Subprime: What’s Happening Now:
As noted above, the subprime wave is already expanding outward, but the plaintiffs’ lawyers may just be getting started. According to recent news reports (here
), Patrick Coughlin
of the Coughlin, Stoia, Geller, Rudman & Robbins
firm, has declared subprime the "top priority." The article quotes Coughlin as saying that subprime is "really everything and the only thing now." The news article reports that the firm had "already filed 25 mortgage-related complaints against investment banks, mortgage lenders, and others, and it expects to bring about 15 more cases." The firm is considering bringing on more lawyers.
And speaking of the Coughlin Stoia firm, I recently noted (here
) that the increased securities litigation activity in the second half of 2007 is due in large part to the sudden increased activity of the firm, a fact that is corroborated in the recent news reports. The article quotes Coughlin as saying "we have filed more cases in the last three or four months than we filed in the previous year."
So much for the supposed "permanent shift
" to a lower level of securities lawsuit filings.
Adding Injury to Insult:
In an earlier post (here
), I commented on United Rental’s
litigation efforts and threats to try to compel Cerberus Capital Management to honor its agreement to acquire United Rentals. It now appears in addition to United Rental’s lawsuit against Cerberus, on November 20, 2007, certain United Rentals shareholders initiated a purported securities class action lawsuit. According to the plaintiffs’ attorneys’ press release (here
), the plaintiffs allege that the company and its directors and officers violated the federal securities laws by "failing to disclose that, several weeks after the Merger Agreement was signed, Cerberus contacted [United Rentals] and expressed concern about its ability to proceed with the merger given the changes in the credit and financial markets." The plaintiffs allege that the failure to disclose these facts misled investors and caused United Rental’s shares to trade at artificially inflated prices.
While I have previously speculated that the buy-out bubble bust would provoke litigation, I confess I never anticipated the possibility of securities lawsuits by the shareholders of the disappointed target company. But there certainly are no shortage of these kinds of situations around these days, and hyperactive plaintiffs’ lawyers could well create an entire category of lawsuits like this one.

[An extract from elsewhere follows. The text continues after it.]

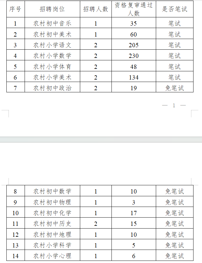 根據(jù)《桂林市雁山區(qū)2025年特崗教師招聘公告》要求“筆試按實(shí)際通過資格復(fù)審人數(shù)開考;招聘崗位資格復(fù)審?fù)ㄟ^人數(shù)不足20人免筆試,資格復(fù)審?fù)ㄟ^人數(shù)20人以上(含20人,研究生及以上學(xué)歷不包含在內(nèi),研究生及以上學(xué)歷免筆試),需進(jìn)行筆試。”經(jīng)現(xiàn)場資格復(fù)審,桂林市雁山區(qū)2025年特崗教師招聘筆試、免筆試學(xué)科崗位情況如下:

The purport of the allegations suggests a keen dilemma for company managers who are trying to hold a floundering merger together; the plaintiffs’ allegations suggest that at the very time that managers are engaged in fraught negotiations to salvage the deal, they should be publicly disclosing the challenges confronting the merger’s completion.
The problem here is that the deal fell apart, which event management was trying to prevent – there would have been no injury if the deal went through, and whatever chance there was to salvage the deal would not have been advanced if management had been issuing press releases every day about the ebb and flow of the discussions.
I feel like throwing a flag on this lawsuit. Unsportsmanlike conduct, unnecessary roughness, piling on. But that doesn't mean there won't be more cases like this one, I suppose.
Adam Savett of the Securities Litigation Watch blog
points out that a buyout bust up previously resulted in a securities class action lawsuit in connection with the failed Harman Interational
buyout. I actually discussed the Harman lawsuit in an earlier post, here
. So, does two lawsuits constitute a trend?